# TAHLR Supplement: Document Term Matrices 

This TAHLR supplement shows how to build a document term matrix (DTM) on your own set of files, using the first three books of Homer's *Odyssey* (as found in the `data/texts/lyoc` folder from Week 2) and CountVectorizer and TfidfTransformer from scikit-learn.

In [None]:
# Imports

import nltk
from nltk import word_tokenize

In [None]:
# Get list of files

from glob import glob

files = sorted(glob('../data/texts/lyoc/*.txt'))

print(len(files))

In [None]:
# Make list of texts

texts = []

for file in files:
    with open(file, 'r', encoding='utf-8') as f:
        text = f.read()
        texts.append(text)

print(len(texts))

In [None]:
type(texts[0])

In [None]:
## NB: Need to install scikit-learn first
# pip install -U scikit-learn

In [None]:
from sklearn.feature_extraction.text import CountVectorizer

In [None]:
MIN_DF = 2
MAX_DF = 2
LOWERCASE = True
STOPWORDS = None
TOKEN_PATTERN = r'\b[^\W\d_]+\b'

# cf. https://stackoverflow.com/a/35615151
# min_df is used for removing terms that appear too infrequently. For example:
#     min_df = 0.01 means "ignore terms that appear in less than 1% of the documents".
#     min_df = 5 means "ignore terms that appear in less than 5 documents".
# max_df is used for removing terms that appear too frequently, also known as "corpus-specific stop words". For example:
#     max_df = 0.50 means "ignore terms that appear in more than 50% of the documents".
#     max_df = 25 means "ignore terms that appear in more than 25 documents".

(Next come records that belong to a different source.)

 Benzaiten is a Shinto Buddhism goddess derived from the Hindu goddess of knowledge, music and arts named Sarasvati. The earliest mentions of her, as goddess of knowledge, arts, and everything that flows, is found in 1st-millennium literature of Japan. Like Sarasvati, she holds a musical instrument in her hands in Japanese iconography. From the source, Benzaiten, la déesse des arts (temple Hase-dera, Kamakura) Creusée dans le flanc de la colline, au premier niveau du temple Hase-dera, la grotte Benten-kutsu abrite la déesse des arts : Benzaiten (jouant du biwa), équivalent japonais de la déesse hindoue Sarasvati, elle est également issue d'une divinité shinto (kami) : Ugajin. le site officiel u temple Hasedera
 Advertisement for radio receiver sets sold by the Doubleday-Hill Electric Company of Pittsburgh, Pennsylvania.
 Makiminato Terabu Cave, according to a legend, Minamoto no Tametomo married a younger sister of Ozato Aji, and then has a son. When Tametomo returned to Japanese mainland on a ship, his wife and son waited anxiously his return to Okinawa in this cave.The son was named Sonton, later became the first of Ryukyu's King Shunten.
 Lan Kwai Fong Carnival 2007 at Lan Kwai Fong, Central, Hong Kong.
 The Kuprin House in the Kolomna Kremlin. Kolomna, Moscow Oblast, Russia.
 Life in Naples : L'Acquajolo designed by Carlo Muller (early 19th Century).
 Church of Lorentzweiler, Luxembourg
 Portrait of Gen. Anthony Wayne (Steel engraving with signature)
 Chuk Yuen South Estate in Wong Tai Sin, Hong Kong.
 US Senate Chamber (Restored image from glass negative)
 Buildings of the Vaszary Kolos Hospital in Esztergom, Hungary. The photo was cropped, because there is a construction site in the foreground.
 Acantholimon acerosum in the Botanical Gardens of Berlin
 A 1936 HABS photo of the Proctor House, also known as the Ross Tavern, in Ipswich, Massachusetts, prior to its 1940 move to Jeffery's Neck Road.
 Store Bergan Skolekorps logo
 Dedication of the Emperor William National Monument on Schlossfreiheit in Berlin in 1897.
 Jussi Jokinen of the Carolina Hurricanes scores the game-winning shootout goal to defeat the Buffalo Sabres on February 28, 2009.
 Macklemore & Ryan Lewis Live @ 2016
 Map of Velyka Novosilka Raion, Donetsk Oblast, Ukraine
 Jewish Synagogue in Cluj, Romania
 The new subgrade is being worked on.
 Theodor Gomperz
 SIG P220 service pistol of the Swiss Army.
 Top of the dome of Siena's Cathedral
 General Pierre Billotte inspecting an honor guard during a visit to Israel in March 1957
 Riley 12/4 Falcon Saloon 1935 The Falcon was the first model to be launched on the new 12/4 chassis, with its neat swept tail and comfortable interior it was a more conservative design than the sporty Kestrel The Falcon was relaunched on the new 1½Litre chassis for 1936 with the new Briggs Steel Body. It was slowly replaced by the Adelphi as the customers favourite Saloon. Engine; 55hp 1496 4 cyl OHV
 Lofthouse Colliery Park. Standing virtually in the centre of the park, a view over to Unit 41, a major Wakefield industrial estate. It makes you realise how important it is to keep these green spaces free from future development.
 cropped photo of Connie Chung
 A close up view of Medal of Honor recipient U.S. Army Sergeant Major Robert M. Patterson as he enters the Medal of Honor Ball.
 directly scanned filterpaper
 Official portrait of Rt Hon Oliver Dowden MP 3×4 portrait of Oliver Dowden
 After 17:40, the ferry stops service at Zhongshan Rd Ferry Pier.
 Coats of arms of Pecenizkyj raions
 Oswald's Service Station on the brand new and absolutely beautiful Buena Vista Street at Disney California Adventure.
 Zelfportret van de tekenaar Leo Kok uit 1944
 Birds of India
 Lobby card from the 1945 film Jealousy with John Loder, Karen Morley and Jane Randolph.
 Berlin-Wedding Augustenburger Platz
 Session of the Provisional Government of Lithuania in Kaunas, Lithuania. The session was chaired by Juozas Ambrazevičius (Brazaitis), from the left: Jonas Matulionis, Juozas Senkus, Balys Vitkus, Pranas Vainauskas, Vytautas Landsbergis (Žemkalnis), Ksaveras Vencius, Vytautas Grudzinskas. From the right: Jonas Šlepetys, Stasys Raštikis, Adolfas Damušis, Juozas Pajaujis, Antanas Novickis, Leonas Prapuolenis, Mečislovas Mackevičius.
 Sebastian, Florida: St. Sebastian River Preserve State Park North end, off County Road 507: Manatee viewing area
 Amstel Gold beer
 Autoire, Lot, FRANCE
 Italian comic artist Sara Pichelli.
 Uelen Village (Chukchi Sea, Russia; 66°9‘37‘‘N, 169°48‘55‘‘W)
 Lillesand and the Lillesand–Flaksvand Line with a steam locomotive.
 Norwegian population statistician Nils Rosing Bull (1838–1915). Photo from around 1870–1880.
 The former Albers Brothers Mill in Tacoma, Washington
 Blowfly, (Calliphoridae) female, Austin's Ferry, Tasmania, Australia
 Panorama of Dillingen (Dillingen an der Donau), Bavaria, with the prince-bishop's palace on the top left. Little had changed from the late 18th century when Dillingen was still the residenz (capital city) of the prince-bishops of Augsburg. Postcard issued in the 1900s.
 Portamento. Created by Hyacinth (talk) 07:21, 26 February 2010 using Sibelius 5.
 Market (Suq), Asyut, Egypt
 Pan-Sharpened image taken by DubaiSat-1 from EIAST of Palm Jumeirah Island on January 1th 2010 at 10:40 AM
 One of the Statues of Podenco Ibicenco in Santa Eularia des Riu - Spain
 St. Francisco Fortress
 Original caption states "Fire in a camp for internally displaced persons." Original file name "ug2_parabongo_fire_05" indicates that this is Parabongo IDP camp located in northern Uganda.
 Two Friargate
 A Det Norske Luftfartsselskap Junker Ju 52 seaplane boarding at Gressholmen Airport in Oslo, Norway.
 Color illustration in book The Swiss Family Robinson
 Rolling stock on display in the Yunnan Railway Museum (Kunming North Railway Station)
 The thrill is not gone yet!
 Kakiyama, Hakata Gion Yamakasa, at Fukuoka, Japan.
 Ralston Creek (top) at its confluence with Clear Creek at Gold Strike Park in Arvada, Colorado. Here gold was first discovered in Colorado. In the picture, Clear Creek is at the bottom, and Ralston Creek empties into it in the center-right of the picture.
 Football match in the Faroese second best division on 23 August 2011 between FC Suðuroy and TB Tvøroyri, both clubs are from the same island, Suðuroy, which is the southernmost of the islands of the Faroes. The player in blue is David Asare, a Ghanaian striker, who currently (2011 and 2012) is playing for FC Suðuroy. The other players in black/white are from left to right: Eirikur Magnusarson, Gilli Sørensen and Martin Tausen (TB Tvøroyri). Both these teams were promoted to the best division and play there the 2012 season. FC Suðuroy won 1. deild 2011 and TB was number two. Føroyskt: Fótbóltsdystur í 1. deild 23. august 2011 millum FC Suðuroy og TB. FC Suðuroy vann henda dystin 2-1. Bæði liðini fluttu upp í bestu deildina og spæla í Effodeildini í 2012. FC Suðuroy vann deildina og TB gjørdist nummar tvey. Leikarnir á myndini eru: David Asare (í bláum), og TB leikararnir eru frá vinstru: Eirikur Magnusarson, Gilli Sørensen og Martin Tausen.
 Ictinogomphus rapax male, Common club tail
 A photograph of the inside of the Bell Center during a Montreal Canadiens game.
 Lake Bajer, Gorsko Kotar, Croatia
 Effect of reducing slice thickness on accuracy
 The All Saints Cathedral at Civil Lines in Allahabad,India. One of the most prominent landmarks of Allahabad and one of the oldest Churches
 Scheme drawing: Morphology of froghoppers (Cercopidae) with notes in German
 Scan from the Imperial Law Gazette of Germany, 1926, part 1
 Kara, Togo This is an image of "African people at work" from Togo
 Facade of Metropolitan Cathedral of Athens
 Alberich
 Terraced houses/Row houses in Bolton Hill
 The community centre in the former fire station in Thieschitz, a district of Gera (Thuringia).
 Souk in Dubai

CV = CountVectorizer(input='content', min_df=MIN_DF, max_df=MAX_DF, stop_words=None, lowercase=LOWERCASE, token_pattern=TOKEN_PATTERN)

In [None]:
type(CV)

In [None]:
CV.get_params()

In [None]:
dtm = CV.fit_transform(texts)

In [None]:
print(type(dtm))

In [None]:
vocab = CV.get_feature_names_out()

In [None]:
print(vocab[:10])

In [None]:
def filename2label(filename):
    return filename.split('/')[-1].split('.')[0]

labels = [filename2label(file) for file in files]
print(labels)

In [None]:
## NB: Need to install scikit-learn first
# pip install -U pandas

In [None]:
import pandas as pd

In [None]:
df = pd.DataFrame(dtm.toarray(), columns=vocab, index=labels)

In [None]:
df

In [None]:
df['ῥοδοδάκτυλος']

In [None]:
df.loc['homer-odyssey-1']

In [None]:
df.loc['homer-odyssey-1'].sort_values(ascending=False).head(10)

In [None]:
od1_dict = df.loc['homer-odyssey-1'].to_dict()

In [None]:
print(dict(list(od1_dict.items())[:10]))

In [None]:
from sklearn.feature_extraction.text import TfidfTransformer

TT = TfidfTransformer(use_idf=True).fit(dtm)
tfidf_dtm = TT.transform(dtm)

In [None]:
tfidf_df = pd.DataFrame(tfidf_dtm.toarray(), columns=CV.get_feature_names_out(), index=labels)

In [None]:
tfidf_df.iloc[0].sort_values(ascending=False).head(10)

In [None]:
tfidf_df.iloc[1].sort_values(ascending=False).head(10)

In [None]:
tfidf_df.iloc[2].sort_values(ascending=False).head(10)